Josh Sherwin always knew he wanted to be a rabbi. He just never imagined it would take him to Afghanistan, where he’d officiate at a seder for one.
Josh Sherwin grew up with the rabbinate and the military in his blood. His father was a congregational rabbi, and one grandfather was a chaplain for three years in Casablanca, Morocco in the late 40s, while the other served in the Canadian Air Force in World War II. While he was in rabbinical school he heard a Navy chaplain speak and he knew that’s what he wanted to do. While stationed with the 2nd Marines at Camp Lejeune in North Carolina, he was deployed to Afghanistan. He was moving around several forward operating bases, when he landed at Camp Delaram.

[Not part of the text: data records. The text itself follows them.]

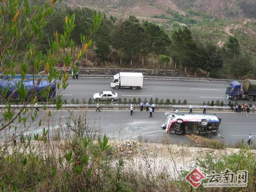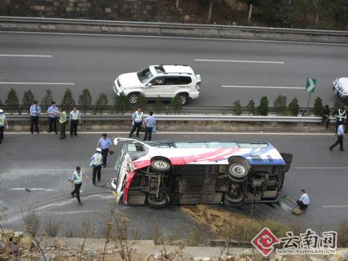18日下午1點(diǎn)45分,安楚高速公路昆明至楚雄方向K128+500米處(孔家莊隧道出去1公里)發(fā)生一起重大交通事故,一輛從下關(guān)開(kāi)往昆明載有29人的中型客車(chē)發(fā)生側(cè)翻,當(dāng)場(chǎng)死亡1人,28人受傷,其中重傷1人。事故發(fā)生后,交警部門(mén)對(duì)楚雄至昆明方向的高速路實(shí)施了封閉,記者去現(xiàn)場(chǎng)只能從320國(guó)道繞行至山上的小路,站在在距離事故現(xiàn)場(chǎng)約30米的山坡上,記者看到在開(kāi)往昆明方向的高速路上,一輛客車(chē)側(cè)翻在路中間,雖是開(kāi)往昆明方向,但車(chē)頭卻調(diào)轉(zhuǎn)了朝著相反方向。凹陷的車(chē)頭上,擋風(fēng)玻璃像蜘蛛網(wǎng)一樣滿是裂痕,右側(cè)有個(gè)很大的窟窿,車(chē)身旁邊一道長(zhǎng)長(zhǎng)的劃痕非常明顯,車(chē)身下漏了一大灘汽油,一塊標(biāo)有大理兩個(gè)字的白色牌子飛到了距離客車(chē)有5、60米的地方。這時(shí)交警部門(mén)正在做現(xiàn)場(chǎng)勘查,在汽油上散上了沙子。 “嘭”,我當(dāng)時(shí)聽(tīng)到一聲巨響,跑出來(lái)一看,就看見(jiàn)一輛客車(chē)翻在坡底的高速路上,有個(gè)人被甩出了車(chē)外躺在地上一動(dòng)不動(dòng),其他的乘客在車(chē)上哭的哭,喊的喊!备咚俾放缘某鄞笸叻看宓囊晃淮迕衲慷昧塑(chē)禍時(shí)的情景。附近一位路過(guò)的駕駛員猜測(cè)說(shuō),從擋墻在撞擊的痕跡上看,客車(chē)可能是撞上可擋墻后,又反彈回來(lái),駕駛員急忙打方向盤(pán),車(chē)子就來(lái)了個(gè)360度大轉(zhuǎn)身后翻倒在地!斑@段路過(guò)了隧道后,因?yàn)槭窍缕侣范,不少大?chē)司機(jī)踩剎車(chē)時(shí)會(huì)不停地淋水,所以路面比較滑,司機(jī)車(chē)速稍一快就容易出事。”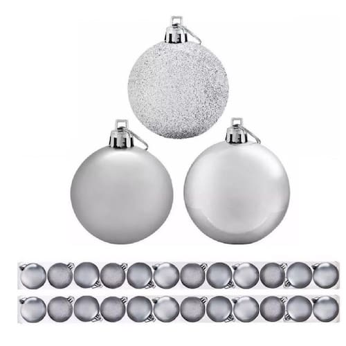 Kit 9 Bolas De Natal Mista Prata 6cm Pendente Árvore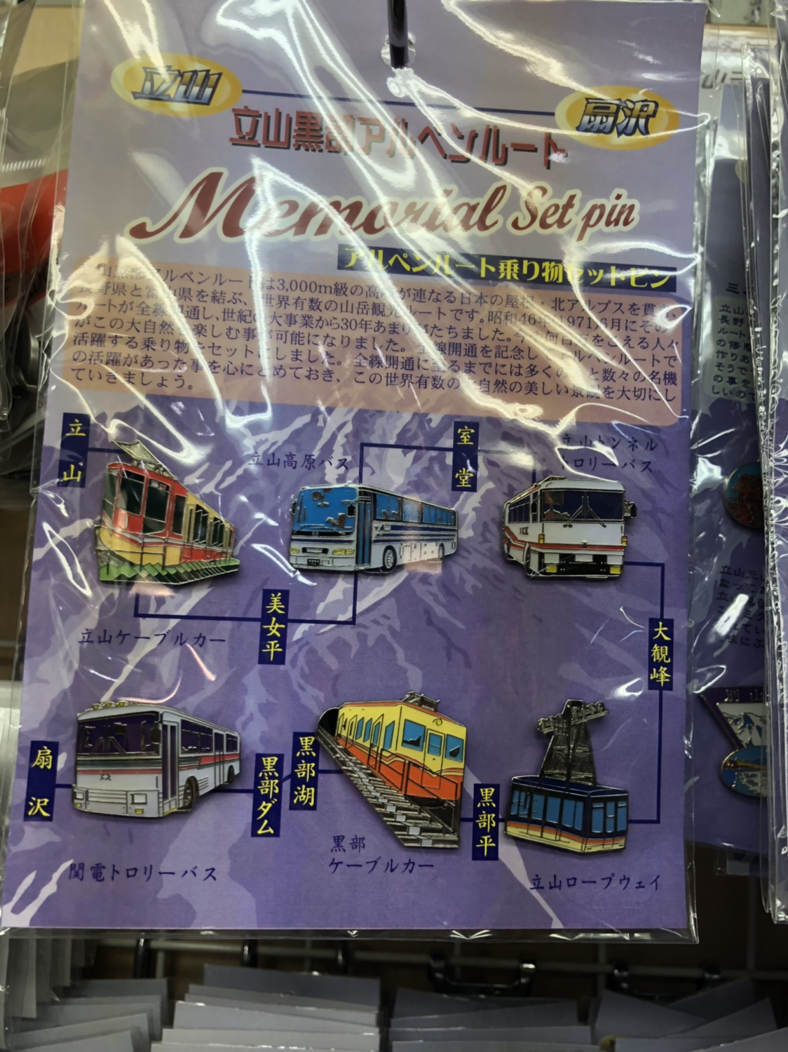 -알펜루트를 통과하기 위한 교통수단을 주제로 한 기념품이 많다. 각 교통수단의 배지, 교통편을 그린 케이크 원통형 케이크, 맥주 등 지역에서만 구입 가능한 것들이 있다.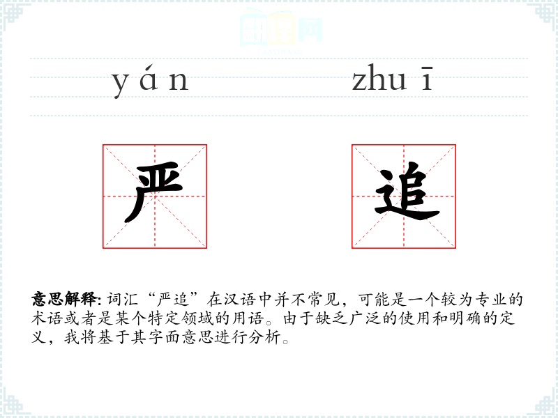 词汇“严追”在汉语中并不常见,可能是一个较为专业的术语或者是某个特定领域的用语。由于缺乏广泛的使用和明确的定义,我将基于其字面意思进行分析。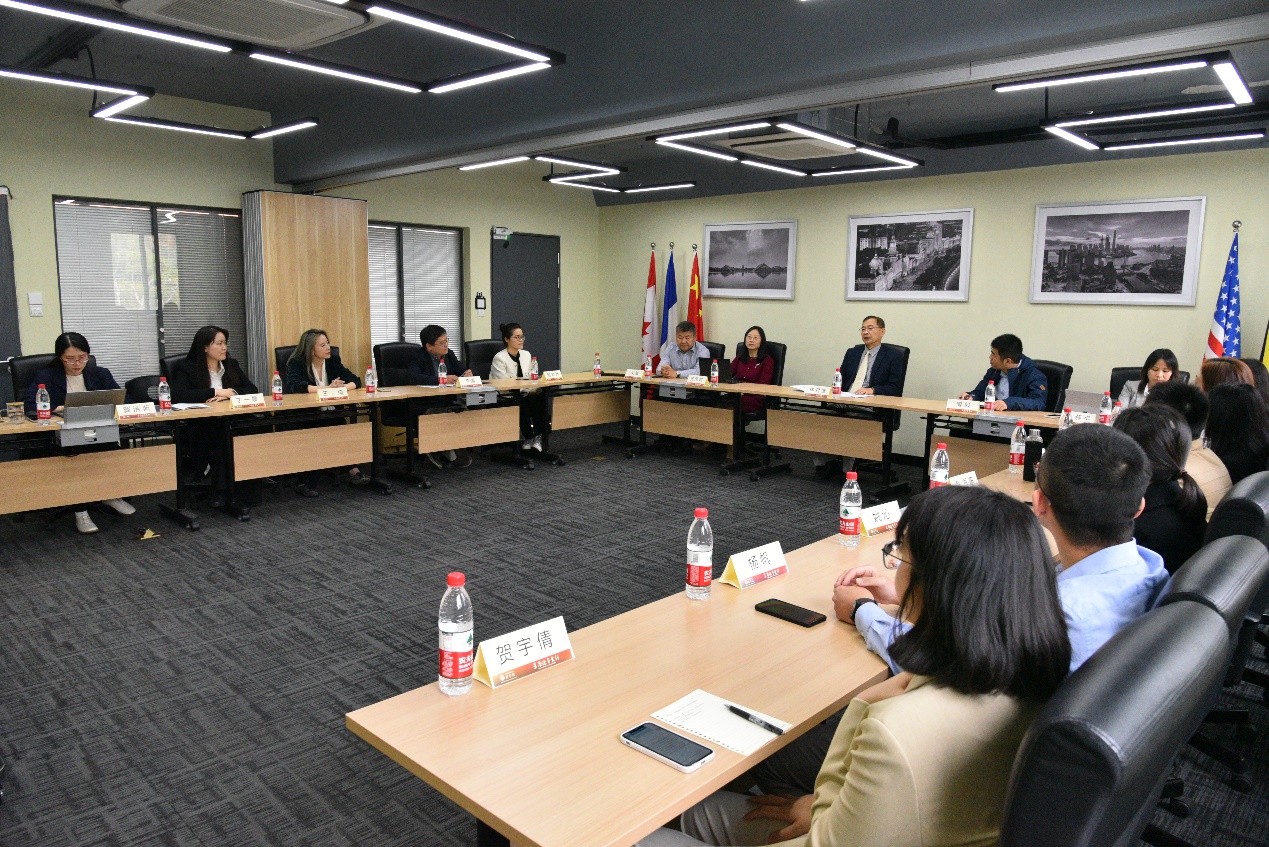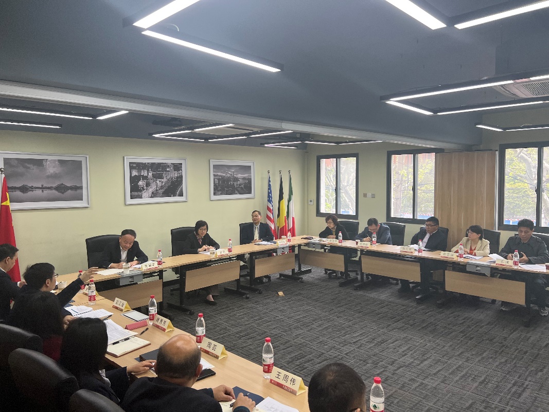 4月14日上午9:30,林君维院长与上海师范大学商学院校长袁雯、副校长蒋明军、教务处处长高湘萍、发展规划处处长杨海峰、国际交流处处长武成、财务处处长顾桂焦、研究生院副院长刘兰英、资产与实验室管理处副处长吴波,以及商学院党政领导班子成员、AACSB认证相关工作教职员工于商学院六教D座203会议室进行了第一场座谈会。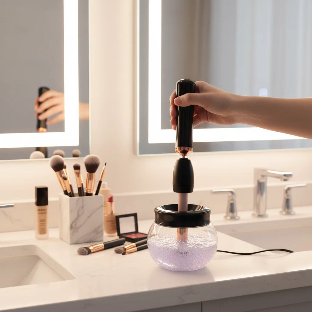 Imaginez un rituel de pureté express. Notre dispositif électrique sublime vos pinceaux en quelques secondes seulement, rendant le nettoyage d'une efficacité redoutable. C'est le geste rapide et élégant pour des outils toujours prêts, sans sacrifier votre temps précieux.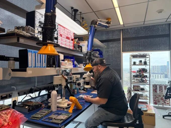 这家芯片实验室位于奥斯汀高档的“The Domain”区一栋闪亮的镀铬玻璃窗建筑内。“The Domain”是一个步行可达的区域,遍布商店和餐馆,有时也被称为奥斯汀的硅谷。。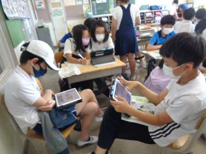 6/19 体育(5年生) 公開日 2023/06/19 更新日 2023/06/19 校長室から マット運動で、側方倒立回転に取り組むそうです。 タブレットで、お手本の動画を見たり、練習方法を調べたりしながら、グループでめあてを決めていました。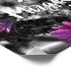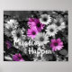 Dalias africanas púrpuras alegres en blanco y negro con imagen floral de color parcial con las palabras inspiradoras Suceden Milagros. Fotografía de flores por Susan.

“When I showed up, there was only one Jewish guy. He didn’t know anyone else,” Josh says. “Generally, you show up, they say, ‘There’s one Jewish guy,’ but you start talking and they say, well, ‘There’s Jones over there. And Smith over there. But in this case, they couldn’t find anyone but this one.”
Carlos Idaregga was the lone Jewish solider. “Doing a seder for one isn’t a big deal,” says Sherwin. “That’s kind of why I signed up.”
Idaregga was overwhelmed. Sherwin doesn’t think he would have done a seder on his own. But Idaregga was “really into it. The fact that thousands of miles from home, we could have a seder for the two of us was really amazing.”
But it wasn’t just meaningful for the solider.
“It was probably the most memorable seder I’ve been at and the most meaningful,” says Sherwin. “When you are talking about freedom from slavery and freedom to be who you are surrounded by a military presence in a hostile country – this guy’s commander gave him time to have this freedom; even when deployed, his country sent a rabbi to meet with him.
“For both of us, is was memorable and moving.”